1. These are two appeals in insolvency. The appellants are the minor sons of the insolvent Bindraban, appearing in the matter under the guardianship of their mother. Certain property which the Receiver desires to make available for the satisfaction of the insolvent's debts was claimed by the appellants, on the ground that it had been conveyed to them by the Will of their paternal grandfather. It may be noted at once that it has been proved, and is not now contested, that the insolvent Bindraban had separated from his father. The said father was supposed to have executed two Wills on one and the same date, by which he left property (dealt with by him as his self-acquired property) to the present appellants, the sons of Bindraban, and to another set of grandsons, the sons of a predeceased son, in equal shares. The two documents were produced and evidence was called before the District Judge to prove them. The District Judge was entirely sceptical as to the genuineness of these documents. There is certainly force in the argument on which he chiefly relies. As they stand, the two papers are somewhat elaborate documents, very carefully written and elaborately attested. If the executant was going to take so much trouble in the matter, it seems a curious circumstance that he should not have got them registered. When in connection with this we take the fast that on each document the executant is supposed to have put his mark in the form of a thumb-impression, and that the thumb-impression is a mere smudge of ink--practically incapable of identification--suspicion as to the genuineness of the document is certainly confirmed, In view of these circumstances and of the strong opinion formed by the District Judge as to the reliability of the evidence by which it was sought to establish these two Wills, we are not prepared to dissent from his finding of fact.

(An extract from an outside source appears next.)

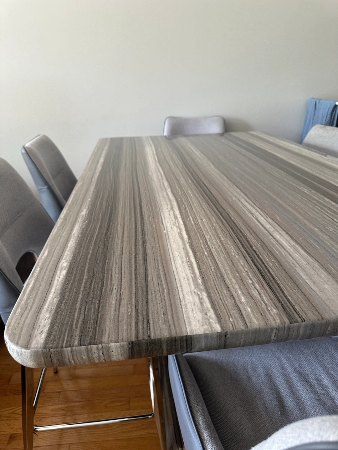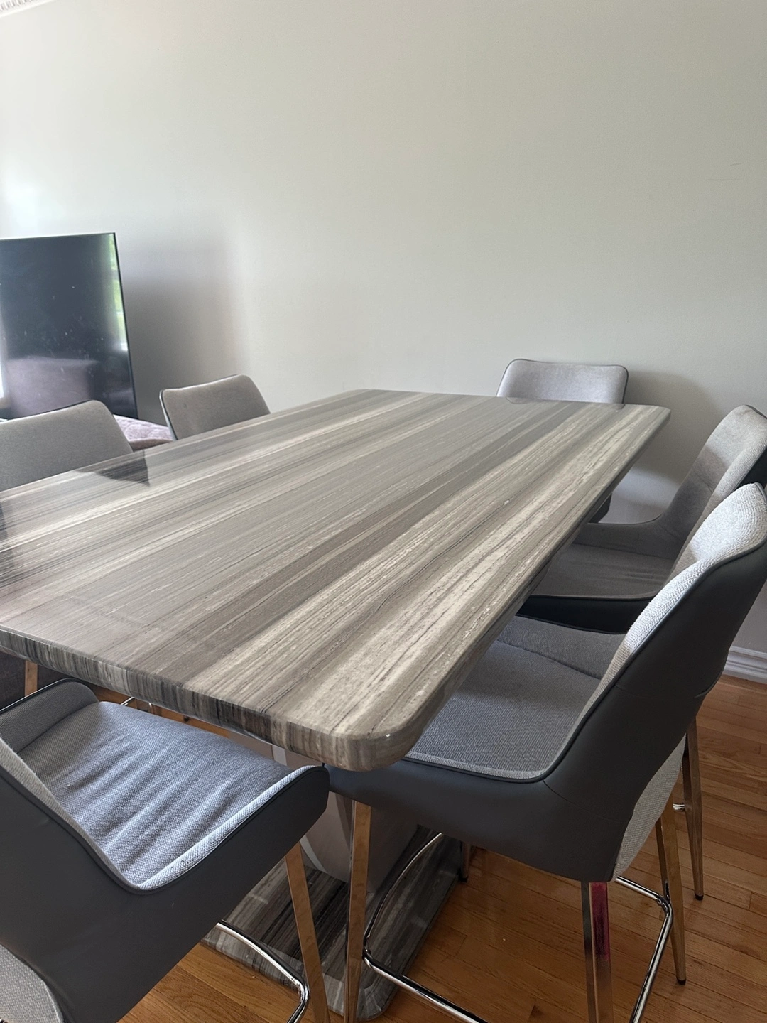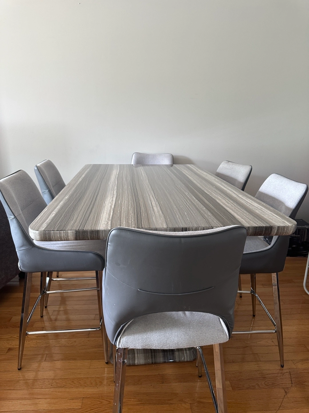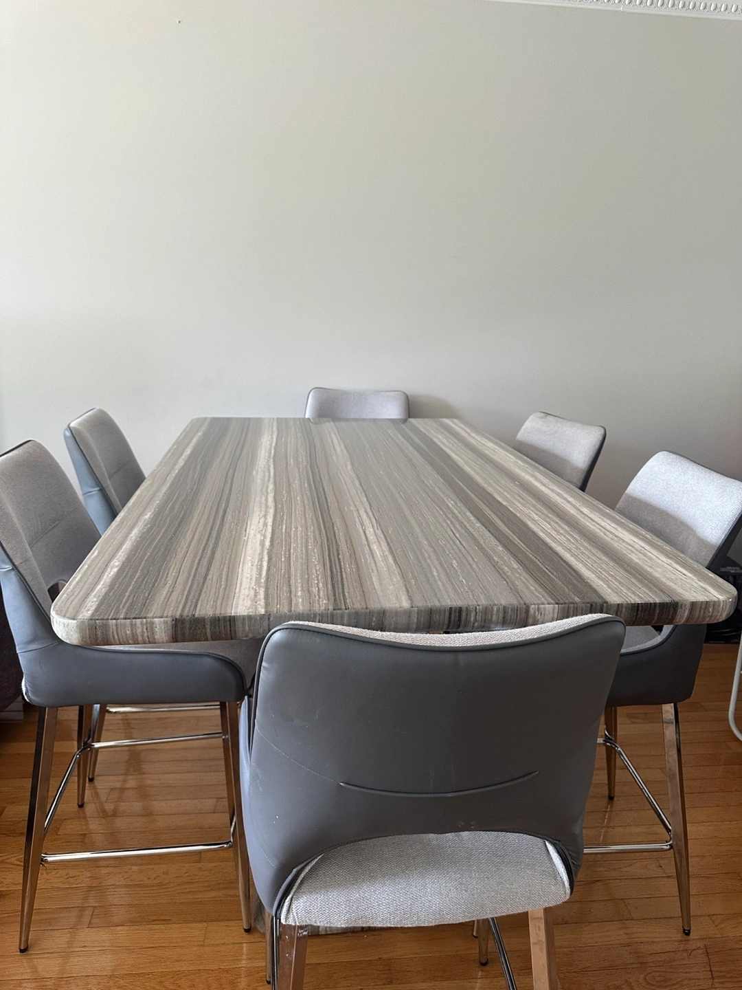 81Selling a dining table set that includes six chairs. The table has a grey, striped pattern and is in good condition. The chairs are also grey and complement the table nicely. Perfect for a family or anyone who enjoys hosting dinners!

2. We must pass on, however, to consider a question of law, apparently not raised at all in the Court below but of considerable general interest. If the grandfather, Ram Das, Teli, in fact died intestate and the property in question is to be treated as his self-acquired property, it would descend in equal shares to the sons of his predeceased son on one side and Bindraban and his minor sons, the appellants, on the other. It would be co-parcenary property in the hands of Bindraban and his minor sons. On this the plea taken is that only Bindraban's share, amounting at most to 1/4 of 1/2, can be made available for the satisfaction of Bindraban's creditors or vested in the Receiver for that purpose. A practically identical question was raised before the Bombay High Court in the ease of Fakirchand Motichand v. Motichand Hurruckchand 7 B. 488 : 8 Ind. Jur. 93 : 4 Ind. Dec. (N.S.) 294 and a very similar one was also decided by the Madras High Court in Rangayya Chetti v. Thanika-challa Mudali 19 M. 74 : 6 Ind. Dec. (N.S.) 757. In both cases the view taken seems in principle to be this, that from the date of the adjudication the Receiver takes over all rights in the insolvent's property which the insolvent himself possessed. One of those rights would be to alienate co-parcenary property belonging to himself and his minor sons in satisfaction of antecedent debts incurred by him, provided those debts were not tainted with immorality. Therefore, the learned Judges held that questions of this sort do not really arise in insolvency matters and that, for practical purposes, where the father of a joint Hindu family, which includes minor sons as well as himself, seeks the protection of the Bankruptcy Court, be must place all his property at the disposal of the Court and of the Receiver appointed by the Court. If we may refer to another principle of Hindu Law, we may note that, in the event of a suit for partition by these minor sons against their father, provision would first be required to be made for all debts due by the joint family as such, including debts due by their father,--vide on this point Trevelyan's Hindu Law, Second Edition, at page 355 and the authorities there cited. We think, therefore, that the question of law as well as the question of fact tried out in the Court below must be decided against the appellants. We dismiss these appeals accordingly with costs.